LISTED ENTRIES –
▬▬▬

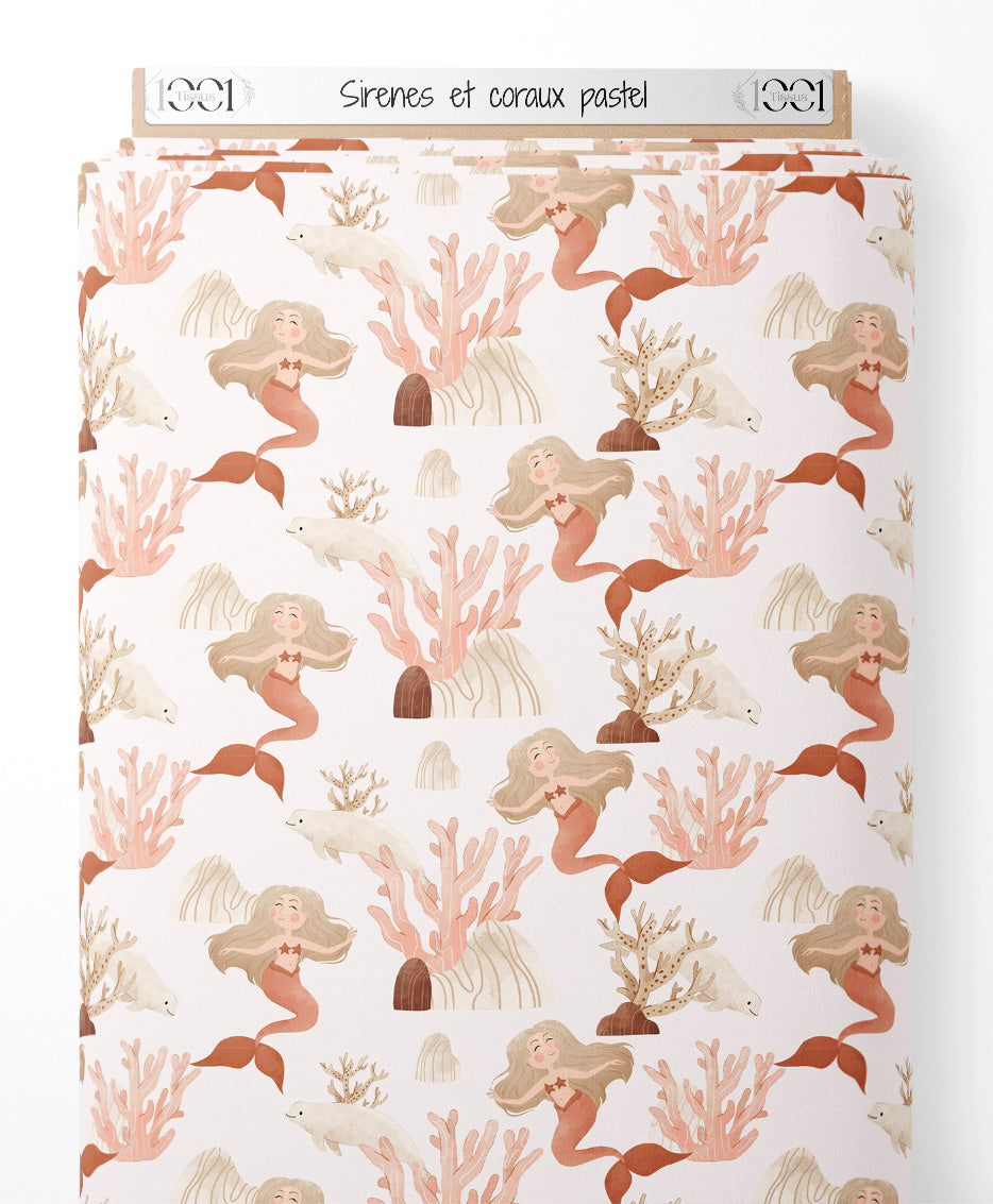 Les sirènes souriantes sont entourées de coraux aux teintes douces. Les phoques blancs ajoutent une touche marine. Les algues brunes et les coraux créent un environnement sous-marin apaisant.Les tissus
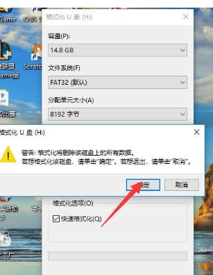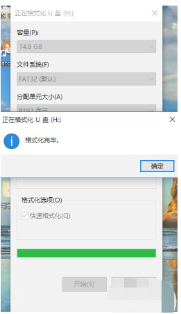 5、然后選擇確定,然后會進入格式化。
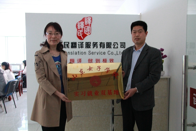 为加强校企合作,开拓应用型外语人才培养模式思路,切实做好学生的专业实践和校外实习、就业工作,4月18日下午,外国语学院院长赵淑容、副院长曹翠红一行赴济南译国译民翻译服务有限公司和济南盟泰科技有限公司进行调研,看望实习就业学生,就深化合作进行深入交流,双方正式签订实习、就业协议,为今后进一步合作奠定基础。
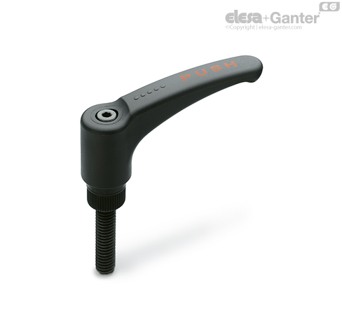 Cam elyafı ile güçlendirilmiş polyamid bazlı (PA) teknopolimer, gri-siyah renk, mat yüzey. Kırmızı ile yazılmış "PUSH" kol gövdesine yazılmış (solventlerden, alkolden veya alkol içeren maddelerden uzak tutulmalı).
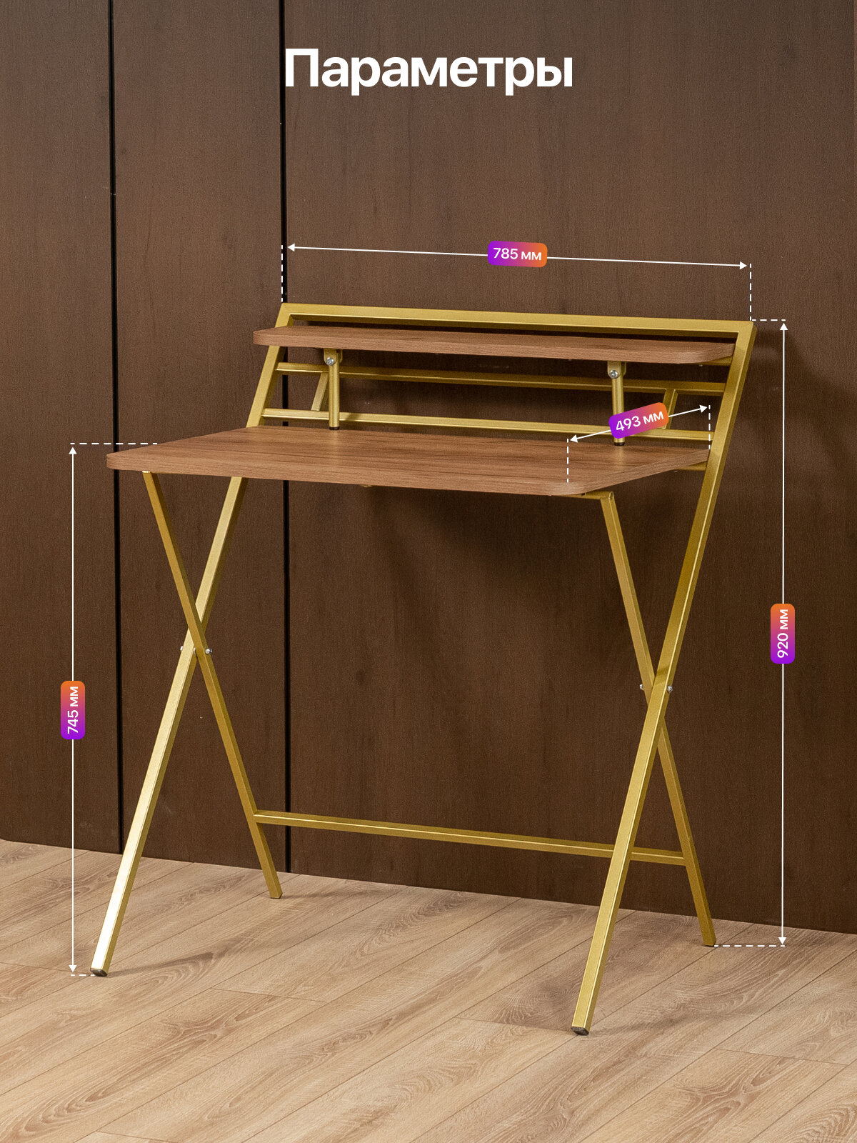 Складной письменный стол с полкой в стиле лофт Симето золотой/коричневый: сравнение цен, характеристики, фото, актуальное наличие и цены.
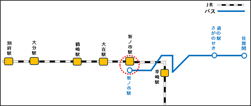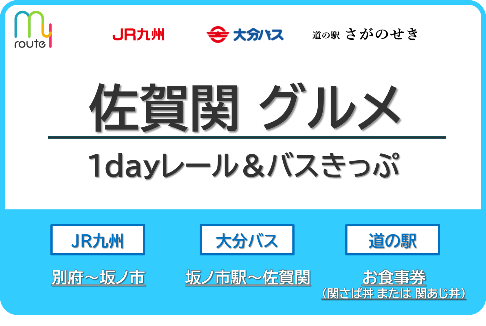 JR 九州(別府駅~坂ノ市駅間)および大分バス(坂ノ市駅~佐賀関間)が 1 日乗り降り自由となり、道の駅さがのせきの食事券(関さば丼または関あじ丼)がセットになったデジタルきっぷです。
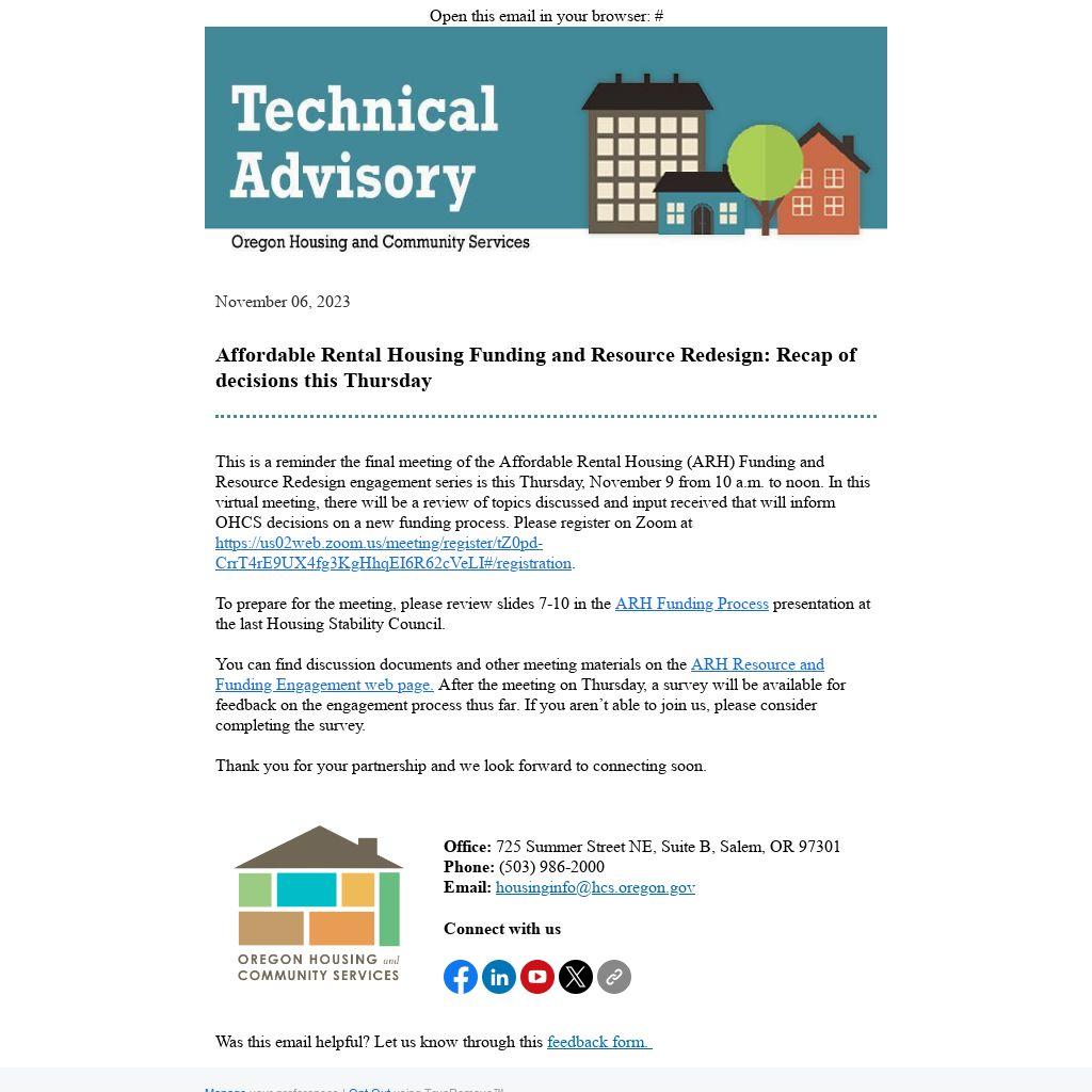 This is a reminder the final meeting of the Affordable Rental Housing (ARH) Funding and Resource Redesign engagement series is this Thursday, November 9 from 10 a.m. to noon. In this virtual meeting, there will be a review of topics discussed and input received that will inform OHCS decisions on a new funding process. Please register on Zoom at https://us02web.zoom.us/meeting/register/tZ0pd-CrrT4rE9UX4fg3KgHhqEI6R62cVeLI#/registration.
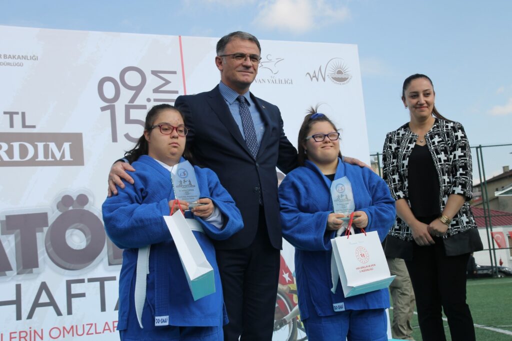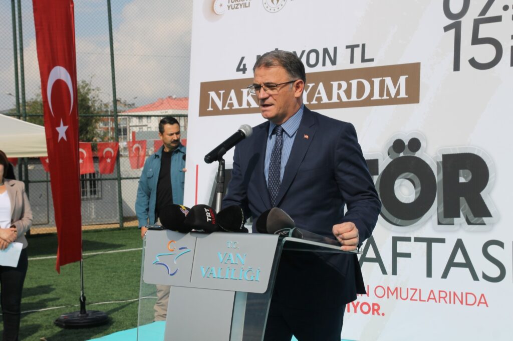 Ayrıca her ilçeye cumhuriyetimizin 100. kuruluş yıl dönümü münasebetiyle 2023 spor Van tesisi dediğimiz voleybol basketbol sahası, halı saha ve tenis kortundan oluşan 2023 açık hava spor tesislerini icra ettik. Bunu şunun için anlatıyorum. Bir taraftan sporu sevmek, öğrencileri sevmek, onların geleceğine inanmak, onların hayallerine destek vermek, bir taraftan bu hayalleri gerçekleştirmek için faaliyetler icra etmek, ligler düzenlemek, sportif faaliyetler düzenlemek, onlara destek vermek, diğer taraftan spor malzemelerini alıp çocuklarımızla buluşturmak ve spor altyapısına katkı sağlamak çok anlamlı ve önemli bir iştir.
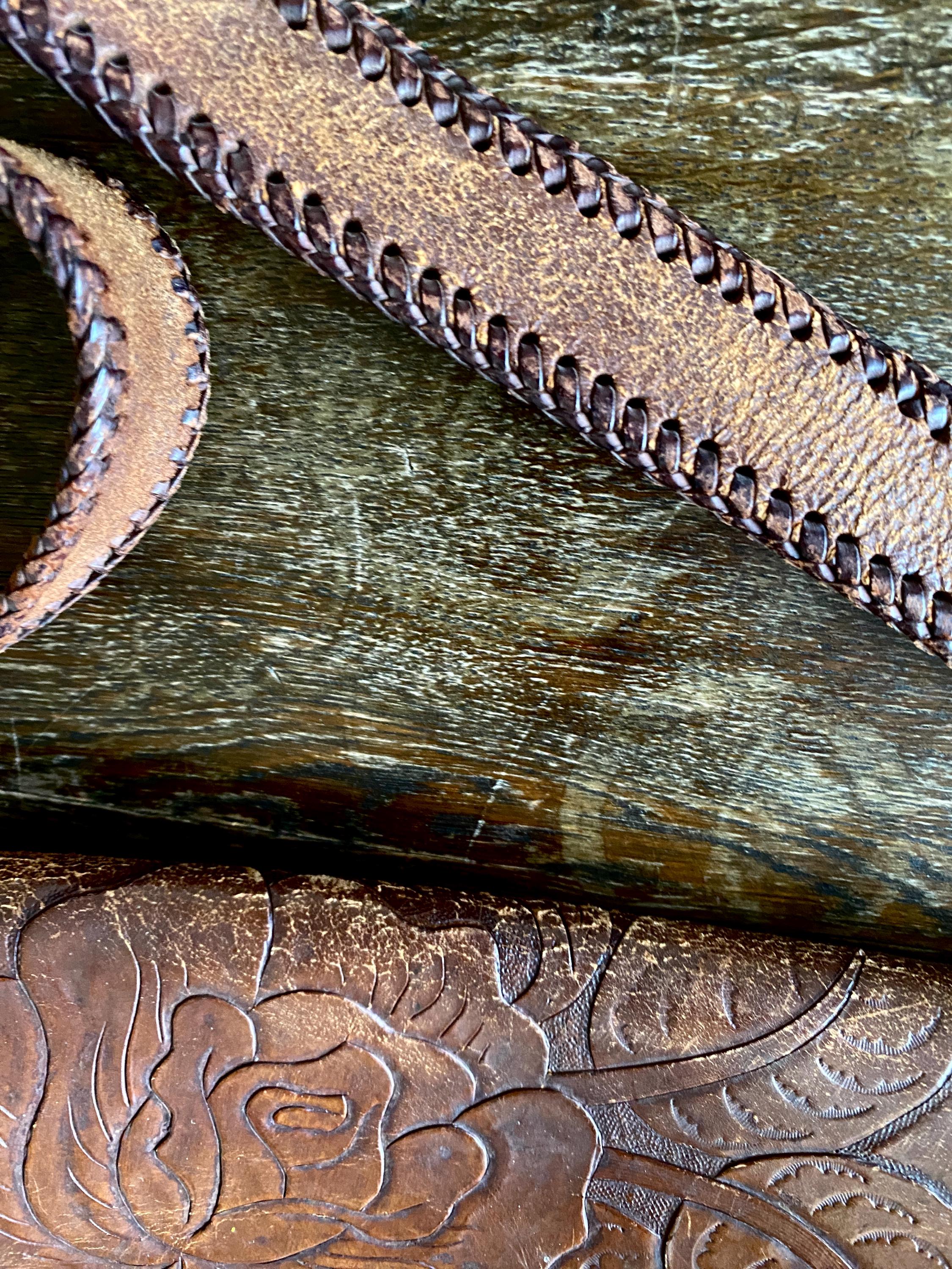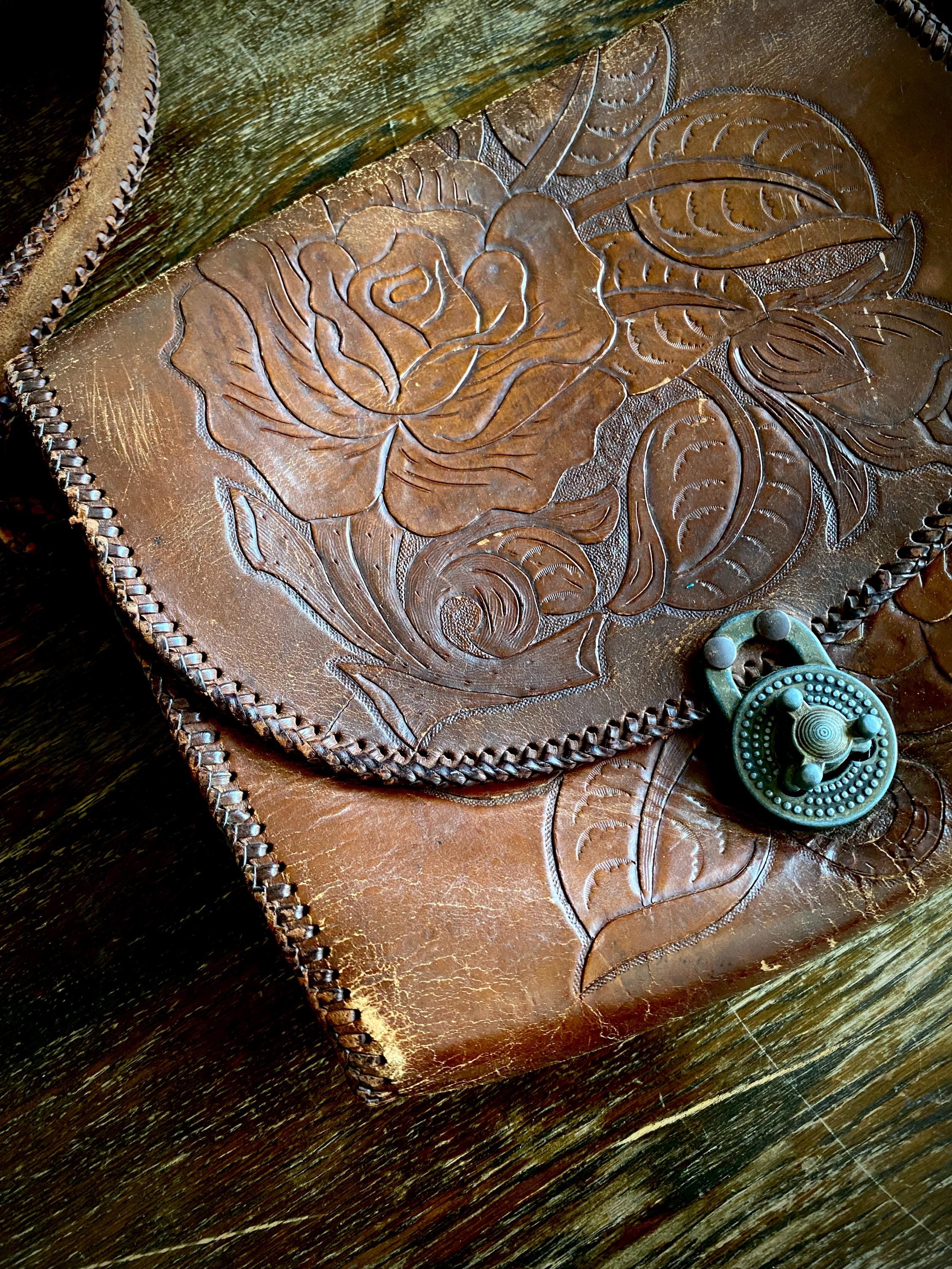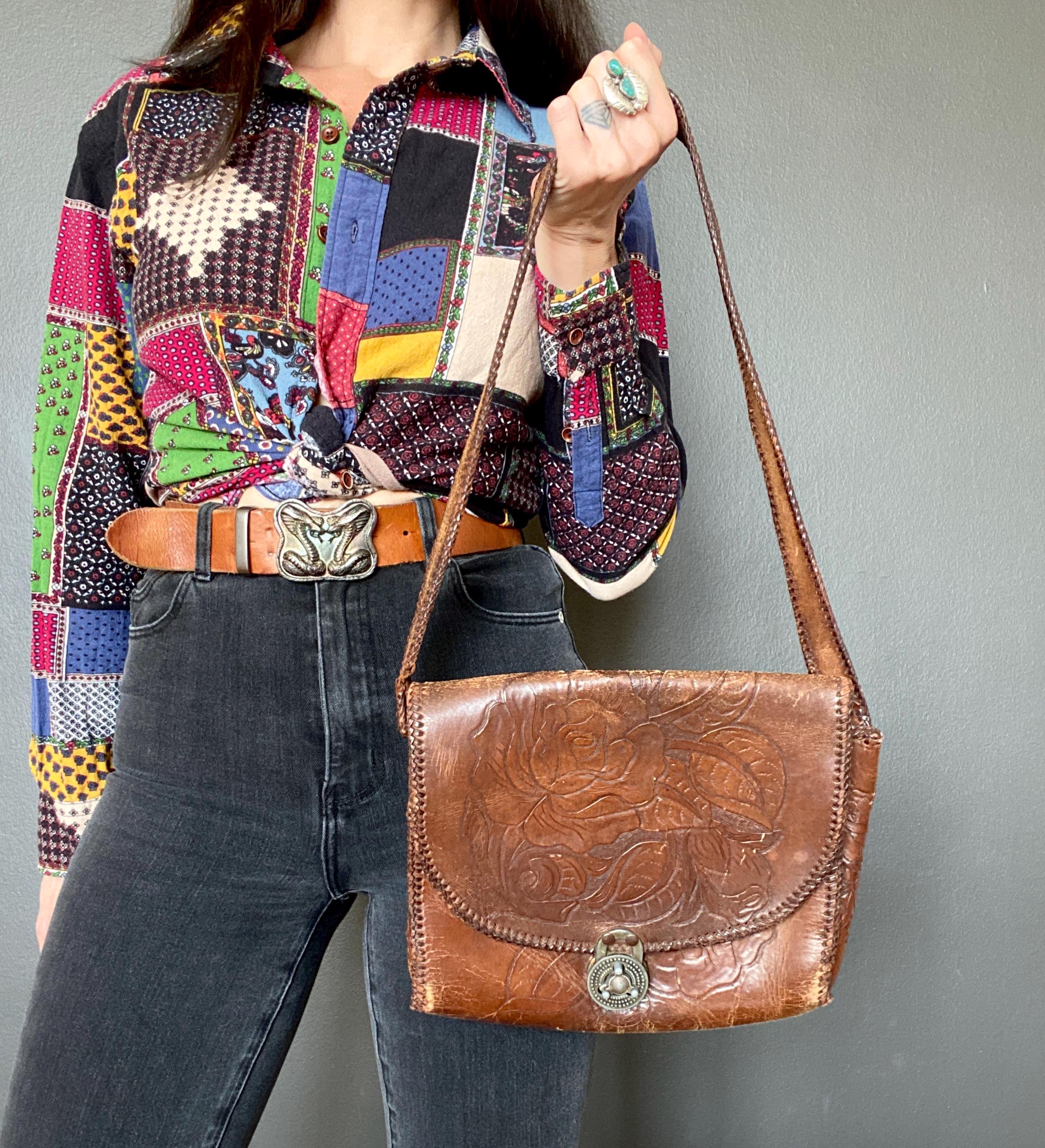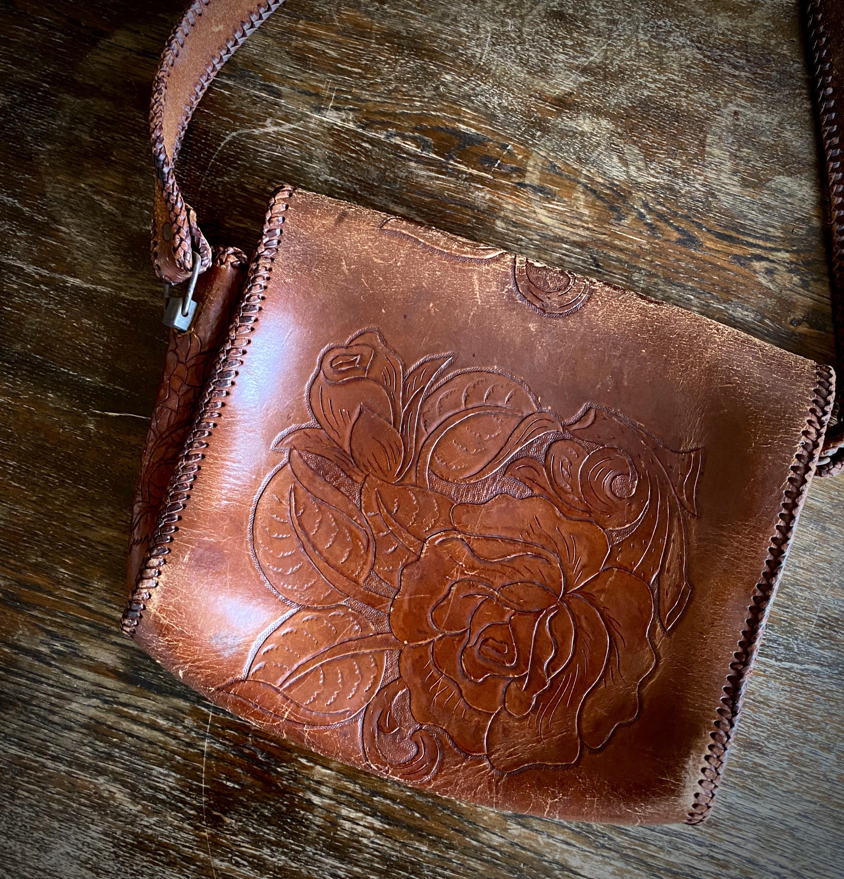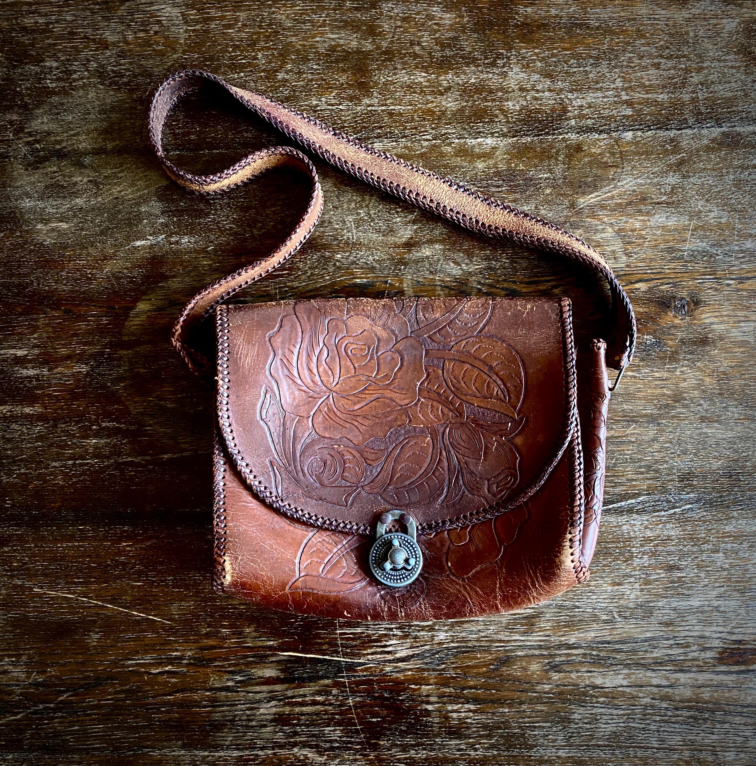 1970s tooled handmade leather shoulder bag.

▬▬▬

WORK TO BE COMPLETED –
In the data above, start at the line holding "Cam elyafı ile" and stop after the line holding "Складной письменный стол"; write out those lines exactly, without pictures.

ANSWER FOR THIS EXERCISE –
 Cam elyafı ile güçlendirilmiş polyamid bazlı (PA) teknopolimer, gri-siyah renk, mat yüzey. Kırmızı ile yazılmış "PUSH" kol gövdesine yazılmış (solventlerden, alkolden veya alkol içeren maddelerden uzak tutulmalı).
 Складной письменный стол с полкой в стиле лофт Симето золотой/коричневый: сравнение цен, характеристики, фото, актуальное наличие и цены.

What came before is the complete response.